PCA in thousands of dimensions
I have vectors in 4096 VLAD codes, each one of them representing an image.
I have to run PCA on them without reducing their dimension on learning datasets with less than 4096 images (e.g., the Holiday dataset with <2k images.) and obtaining the rotation matrix A
.
In this paper (which also explains why I need to run this PCA without dimensionality reduction) they solved the problem with this approach:
For efficient computation of A, we compute at most the first 1,024 eigenvectors by eigendecomposition of the covariance matrix, and the remaining orthogonal complements up to D-dimensional are filled using Gram-Schmidt orthogonalization.
Now, how do I implement this using C++ libraries? I'm using OpenCV, but cv::PCA seems not to offer such a strategy. Is there any way to do this?
answer is in your question? "we compute at most the first 1,024 eigenvectors by eigendecomposition of the covariance matrix"

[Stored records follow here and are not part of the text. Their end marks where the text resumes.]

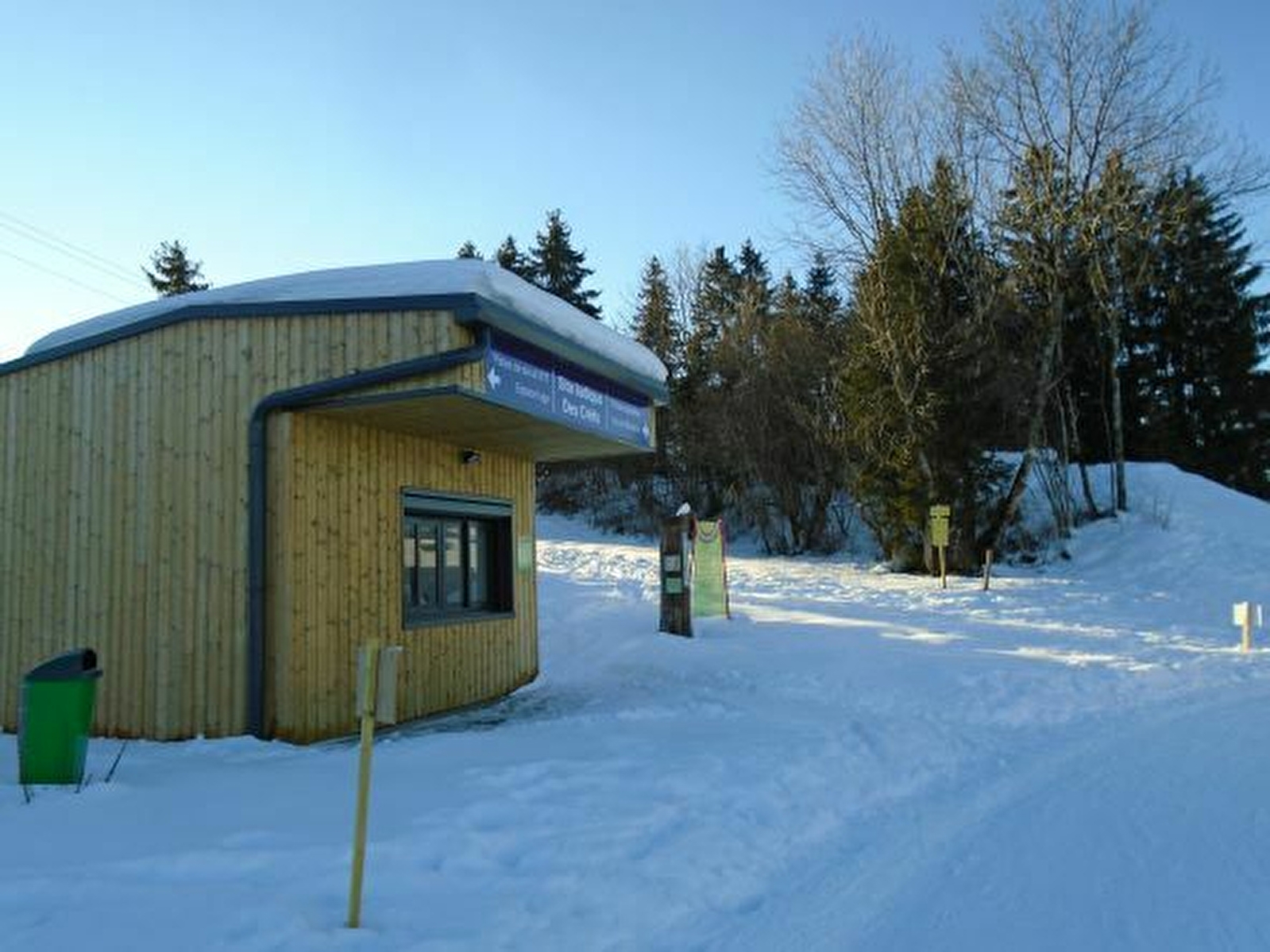 Départ des itinéraires au rond-point sur les Crêts à la sortie de Saint-Laurent en direction de Morbier / Genève. Parking et location de matériel Traces d'Aventure au départ.
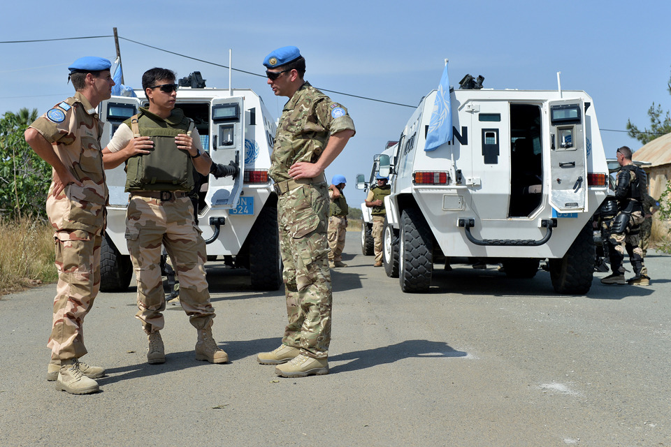 Major Paul Walkley (right), Officer Commanding the Mobile Force Reserve in Cyprus, speaks with UN colleagues [Picture: Corporal Steve Blake, Crown copyright]
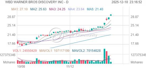 消息面上,12月5日,华纳兄弟探索宣布,全球领先的流媒体平台奈飞(NFLX.US)已同意以827亿美元(含债务)的价格收购其流媒体和制片厂资产。三天后,派拉蒙天舞(PSKY.US)对华纳兄弟发起敌意收购,收购要约对华纳兄弟的估值高达1084亿美元。不管谁成功,交易均需获得监管部门的批准。
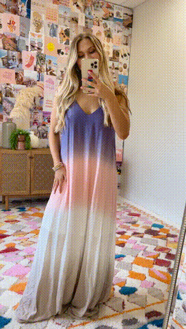 Ombre this way in this super cute and colorful maxi dress! It's a v-neck maxi dress with spaghetti straps. It is lined to the knee and super lightweight. Wear it with sandals or wedges and a cute straw hat for a trip to the boardwalk, Fit is true.
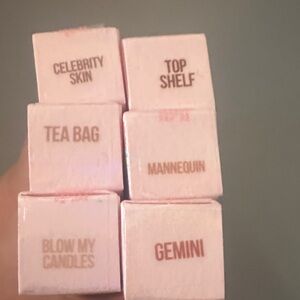 Set of Jeffree Star Supreme Gloss lipsticks. Includes shades of pink, brown, and gold. Vibrant and glossy finish.
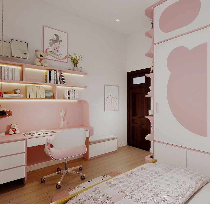 Đây là một thiết kế bàn học sinh tích hợp, hiện đại, tối ưu hóa không gian, đặc biệt phù hợp cho các bé gái yêu thích sự ngọt ngào, nhẹ nhàng. Sản phẩm không chỉ là nơi học tập mà còn là góc trang trí lý tưởng, khơi gợi niềm đam mê và sự sáng tạo.
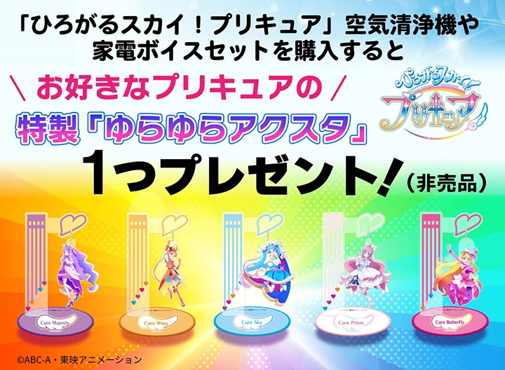 「空気清浄機カスタマイズサービス『ひろがるスカイ!プリキュア』」、またはカスタマイズ音声とのセット商品をご購入いただいたすべての方に、描き起こしイラストを使用したオリジナルのアクリルスタンドをプレゼントします。購入時に、全5種類からお好きなキャラクターを1つお選びいただけます。
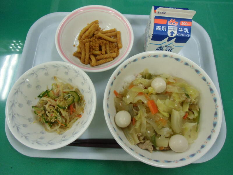 12月10日(水)今日の給食 投稿日時 : 13:57 学校サイト管理者 中華丼、きゅうりともやしの酢の物、マカロニのあべかわ *今日の中華丼は、白菜ではなく、キャベツが使われていました。他にもいろいろな野菜がいっぱい入っていて、おいしい中華丼でした。
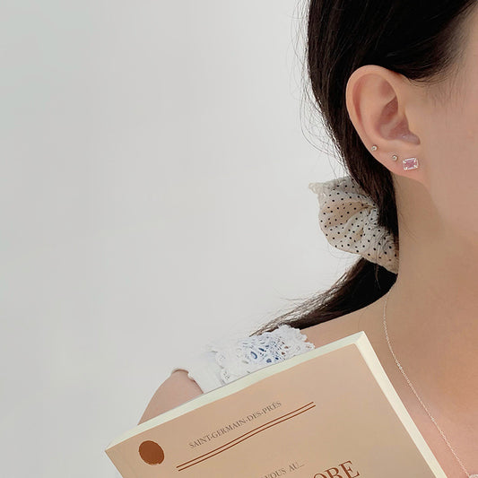 E廠【YC10125E】S999足銀簡約方形鋯石耳骨釘百搭學生小眾養耳洞耳環女 24.07-1
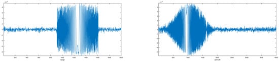To select the proper length of the range chirp history and reconstruct a clean reference in range, a thresholding procedure was used; after the SVD decomposition, the reference signal power is much higher than the background noise, so this procedure reveals effective. In this case, the selected range time duration by the choice of a threshold at 10% of the signal peak value was efficient. After the procedure described in the previous subsection, a clean range reference function was obtained.

use eigen lib #include < Eigen / Eigenvalues >
@LBerger thanks for your comment. However, I don't fully understand this. How do you obtain the covariance matrix? How do you compute the first 1024 eigenvectors? And finally, what about the D - 1024 remaining components?
https://eigen.tuxfamily.org/dox/class...
@StevenPuttermans thanks for the reference, but how this could help me? No gram-schmidt method is cited there, neither how to compute PCA in thousands of dimensions :)